Hi everybody! Although I have passed the assignment with 10/10 points, the model in this lab didnt seem to learn anything. It always generated plain gray image!
My code for training:
Thank you for your help!
I have read the post you recommended. It seems to me that the owner of that post used the same approach with detach() like me. But as far as I understand, that is the right one to place detach().
I have searched for similar posts to confirm it and it seems there are people using this approach and get the generator to learn!
I would very appreciate it if you give me some more hints on how to fix that.
Thank you for your time!
@FreyMiggen, one thing I notice with the first implementation is that it doesn’t retain the device (cudo vs cpu) of x and y. Since the default is cpu, this implementation could be very slow. It shouldn’t be passing the unit tests because of this. There’s a specific test to make sure it keeps the device. Are you seeing it fail the cudo unit test in the next cell?
I don’t notice any other issues off the top of my head, but you can try adding some print statements to compare the two approaches to see if you notice any differences in the results. It does seem a bit surprising that this would be the cause of the gray output. That seemed much more like the generator wasn’t learning. Could it be that you changed something else (like the detach) that might have gotten things to start working?
Also, FYI, it’s against the community guidelines to share assignment code here where other students can see it, so I’ll remove that part from your post.
Thank you for your support.
But the first implementation did pass all the unit tests. Furthermore, I have done some tests and they do show that the first approach also retains the device=‘cuda’.

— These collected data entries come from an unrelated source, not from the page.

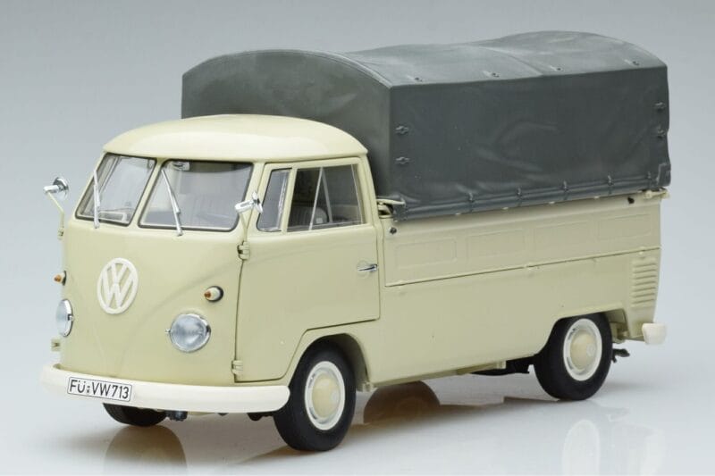 The Volkswagen T1b Pickup Schuco 1:18 is crafted from Metalas. Die-cast zinc alloy body with detailed plastic parts, rubber tires, and high-quality paint finish. Die-cast models are known for their weight, durability, and realistic feel.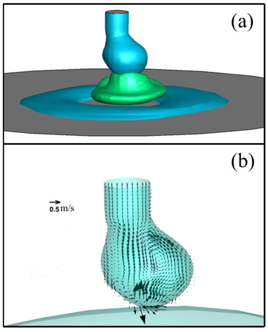 Figure 13 shows the spatter formation and molten metal velocity right after droplet detachment. It indicated that some spatters appeared when the droplet detached. The high-velocity region of molten metal was concentrated horizontally at the wire tip, from left to right.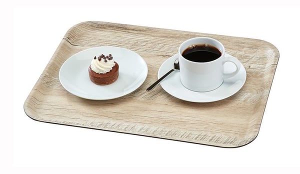 Поднос для посуды с печатью под натуральное дерево, выполнен из практичного меламина, которому характерна высокая ударопрочность и твердость поверхности.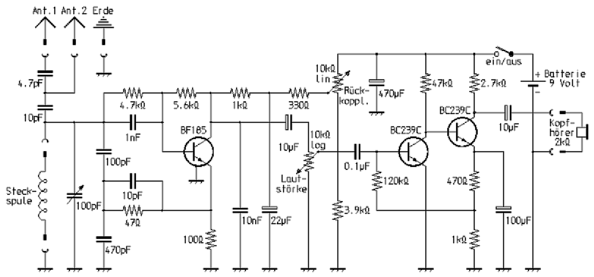 Bei geringem Schaltungsaufwand lassen sich mit Rückkopplungs-Empfängern bekanntlich erstaunliche Ergebnisse erzielen. Im einfachsten Fall arbeiten solche Empfänger mit einer Verstärkerstufe im Eingang, welche eine Halbwelle des hochfrequenten Antennensignals stärker verstärkt als die andere. Es passiert also genau das, was man im Hi-Fi-Verstärker auf keinen Fall haben möchte: Das Signal wird nichtlinear verstärkt, also verzerrt. Davon ist allerdings vor allem das Hochfrequenz-Signal betroffen. Bei richtiger Dimensionierung bewirkt dieser nichtlineare Betrieb in Verbindung mit einem Kondensator, welcher die Hochfrequenz kurzschließt, eine verzerrungsarme Demodulation amplitudenmodulierter Aussendungen.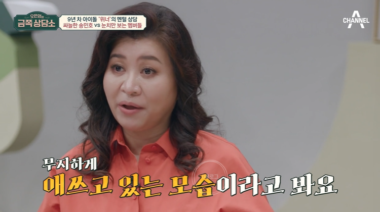오은영 "저는 의외로 민호 씨가 무지하게 애쓰고 있는 모습이라고 봐요. 왜냐하면 지금 약간 상태가 힘들어요. 에너지 수치가 200이라면 지금은 100밖에 안 돼요. 세 명의 멤버가 싫은 게 아니라 본인이 상태가 좀 힘든 거예요. 옆에서 누가 왔다 갔다 하는 것만으로도 에너지를 뺏겨. 그러니까 본인이 에너지를 보존하려고 약간 거리를 두고 떨어져서 어떤 것에 몰두하면서 세이브하고 있는 느낌이 들어요"

I strongly believe that the not learning problem in my case was caused by how the combine_vectors should be defined but not where the detach() method is placed. I had placed it in every position possible and it did not work until I changed the combine_vectors function. Again, this is also puzzling for me cause I could not tell the difference between two approaches.
I am aware of the community guidelines not to share assigment code, but at that time it occured to me that is the only way to express my idea. Sorry for that and I will be more careful in the future!
Interesting, @FreyMiggen!
Could you dm me a copy of your .ipynb with the implementation of combine_vectors that is causing the problem? I’d be curious to see if I can figure out what it is about the difference between the two implementations that is causing a problem.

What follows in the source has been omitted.